Finally in his book The Nature of Mind Armstrong (1981), though still regarding himself as a physicalist, presents a most insightful account of consciousness and introspection stating (p. 68) that "Without introspective consciousness there would be little or no memory of the past history of the self--we would not be aware that we existed."
In Fig. I "thinking" is listed as one of the subjective experiences in World 2. It is a word covering an immense range of mental happenings. In order to limit philosophical discussion Beloff (1962, p. 98) defines thinking "as the activity of problem solving", but he immediately enlarges the scope by stating that a problem exists whenever some end is sought, but the means to that end has still to be discovered. That definition is too narrow for our present purpose where thinking is mental concentration that usually is on some particular learnt program or algorithm, but which also may be mental concentration on some anticipated sensory input. Thus we can limit our concept of thinking to mental concentration on some particular task. Philosophical discussion on the concept of thinking and the brain-mind problem will follow an account of the extraordinary findings on human brains engaged in thinking that is related to a variety of learned procedures. In this way it comes about that there is an internal generation of thinking in the absence of any signalling to the brain by sense organs.

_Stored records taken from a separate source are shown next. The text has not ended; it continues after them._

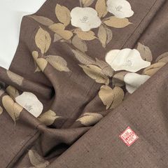 紺地に繊細な麻の葉模様が織り込まれた付け下げ柄付けの紬の着物です。大島紬と思いますが、証紙がありませんので、写真でご確認いただきたいと思います。八掛の色は黒でカッコいいデザインです。コーディネート次第で年齢幅広くお召しになれると思います。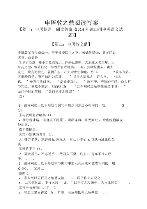 申屠敦之鼎阅读答案【篇一:申屠献鼎阅读答案 (2014 年凉山州中考语文试题)】【篇二:申屠敦之鼎】申屠敦①有汉鼎②一,得于长安深川之下。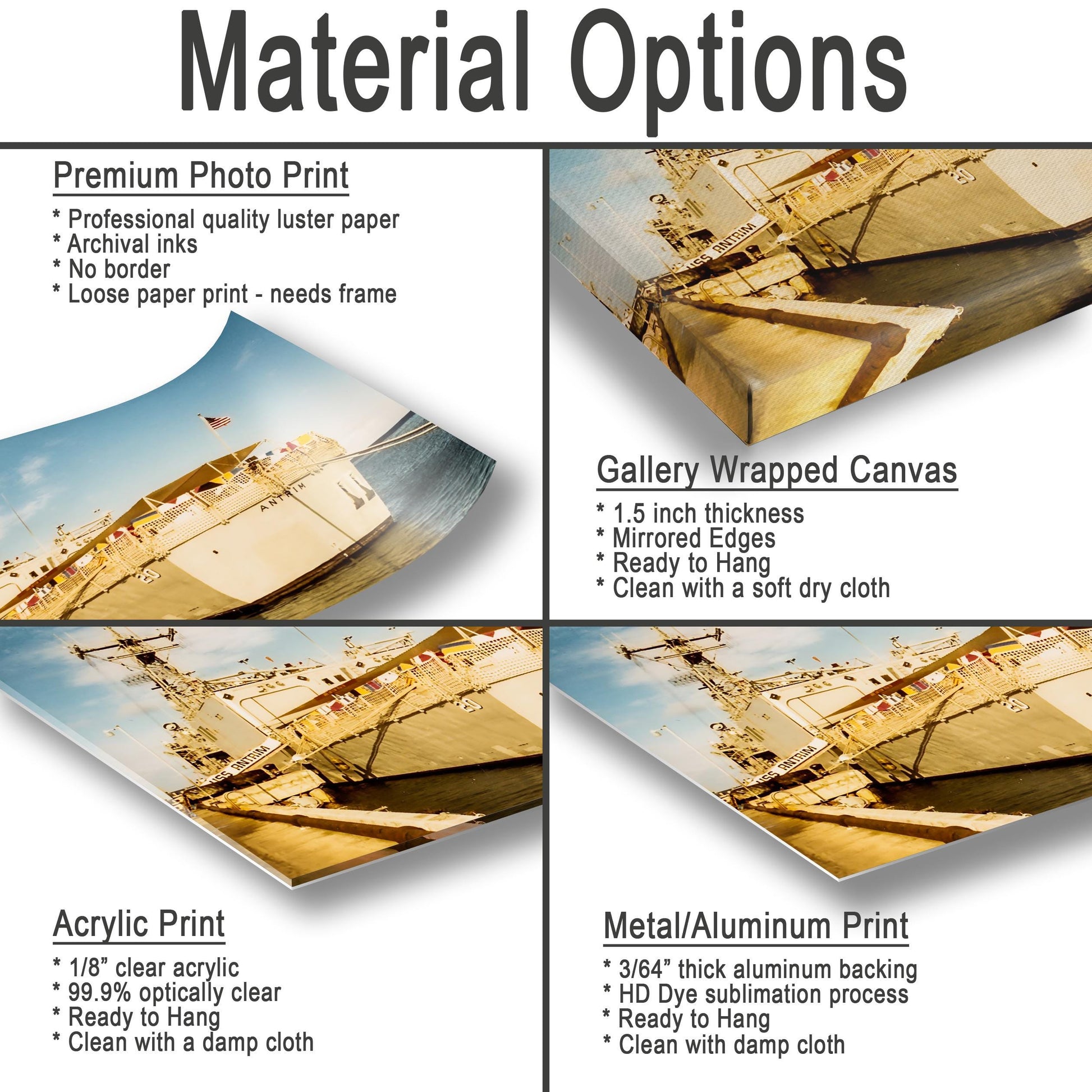 Additional options include durable aluminum metal prints featuring UV resistant ink on a 3/64" thick panel with rounded edges, ready to hang straight from the box. Modern acrylic prints offer vibrant color depth through .22" thick museum-quality acrylic with UV protection to prevent fading.

Fig. 4 illustrates a remarkable finding of Roland (1981) that, when the human subject was concentratedly attending to a finger on which just detectable touch stimuli were to be applied, there was an increase in the rCBF over the finger touch area of the postcentral gyrus of the cerebral cortex (Fig. 2) as well as in the mid-prefrontal area. These increases must have resulted from the mental attention because actually no touch was applied during the recording. Thus, Fig. 4 is a clear demonstration that the mental act of concentrated attention (thinking) can activate appropriate regions of the cerebral cortex. A similar finding occurs with attention to the lips in expectation of a touch, but of course the activated somatosensory area is now for the lips.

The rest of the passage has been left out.